What you are asked to do
Everything in the data below is left aside except the lines from the one containing "Hot Pink grip" through the one containing "marks journey's end."; repeat those exactly.

+++ Data records +++

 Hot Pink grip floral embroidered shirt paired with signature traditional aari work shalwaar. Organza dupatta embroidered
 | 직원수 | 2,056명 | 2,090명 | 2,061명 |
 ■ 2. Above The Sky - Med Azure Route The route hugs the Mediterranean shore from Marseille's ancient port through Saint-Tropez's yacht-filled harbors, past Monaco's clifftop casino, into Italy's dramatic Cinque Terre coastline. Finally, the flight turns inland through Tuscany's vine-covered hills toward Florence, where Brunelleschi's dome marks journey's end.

+++
+++ Data records +++

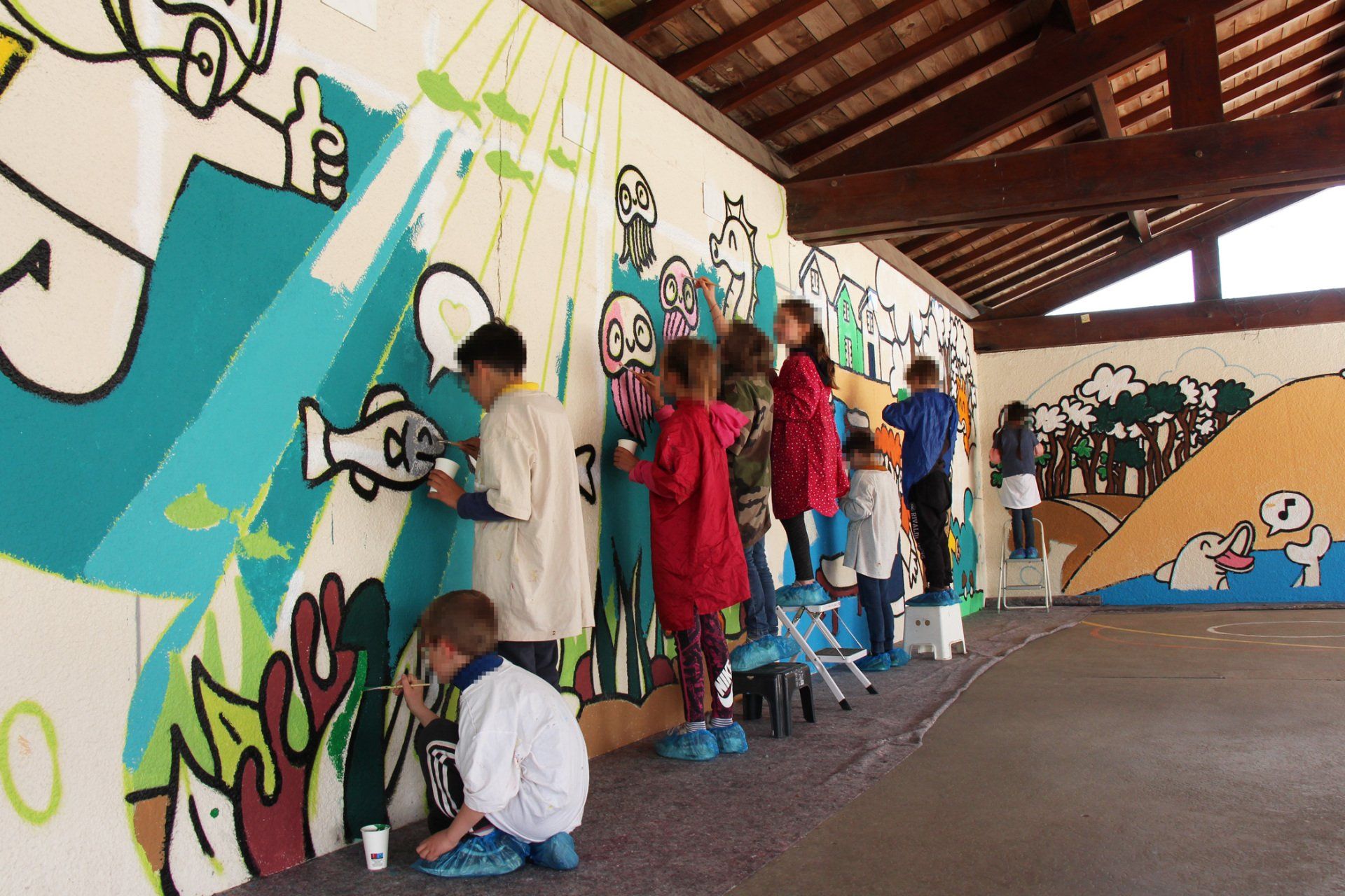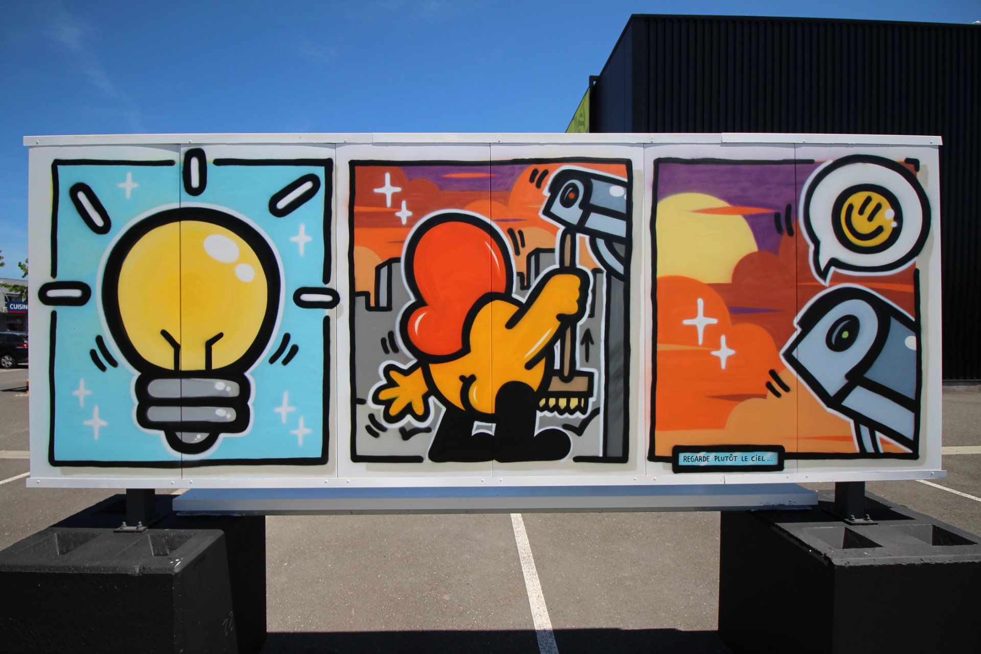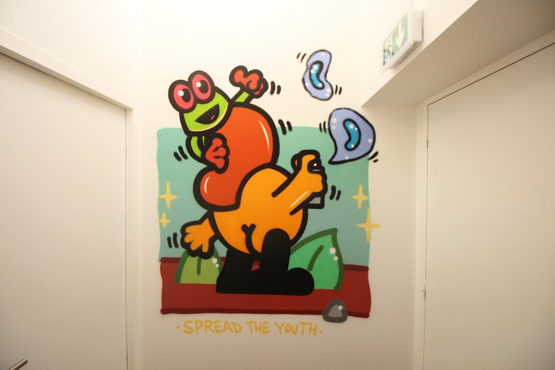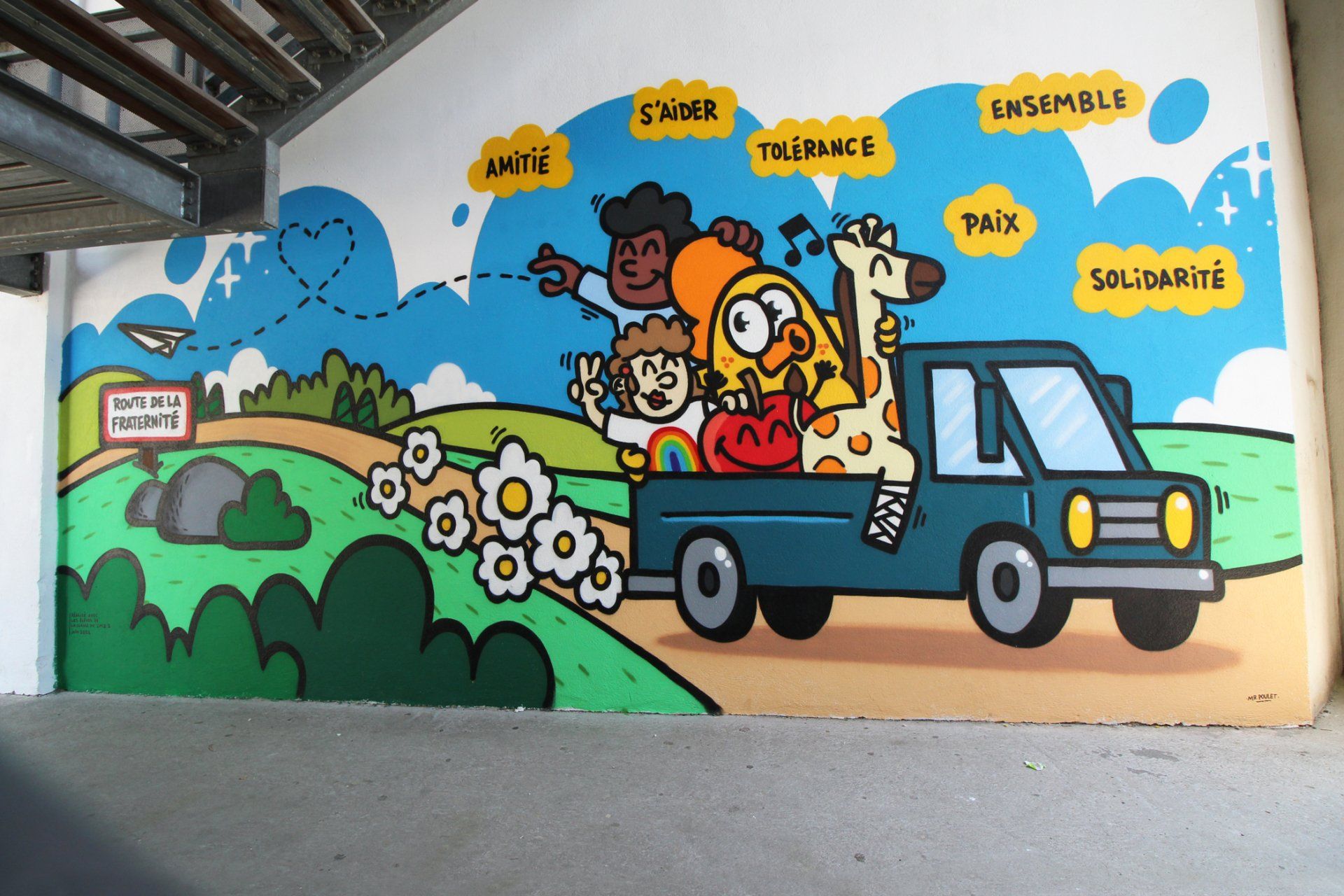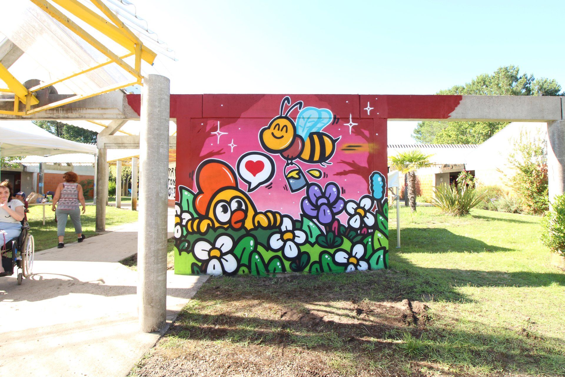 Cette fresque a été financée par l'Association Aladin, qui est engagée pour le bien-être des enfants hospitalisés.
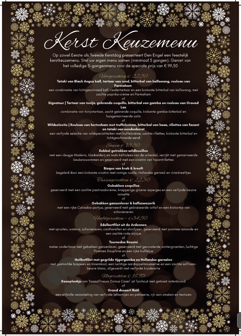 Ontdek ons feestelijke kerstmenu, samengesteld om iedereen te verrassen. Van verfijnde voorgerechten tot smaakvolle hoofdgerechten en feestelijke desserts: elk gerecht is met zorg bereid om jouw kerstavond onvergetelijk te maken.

+++

Output for this task
 Hot Pink grip floral embroidered shirt paired with signature traditional aari work shalwaar. Organza dupatta embroidered
 | 직원수 | 2,056명 | 2,090명 | 2,061명 |
 ■ 2. Above The Sky - Med Azure Route The route hugs the Mediterranean shore from Marseille's ancient port through Saint-Tropez's yacht-filled harbors, past Monaco's clifftop casino, into Italy's dramatic Cinque Terre coastline. Finally, the flight turns inland through Tuscany's vine-covered hills toward Florence, where Brunelleschi's dome marks journey's end.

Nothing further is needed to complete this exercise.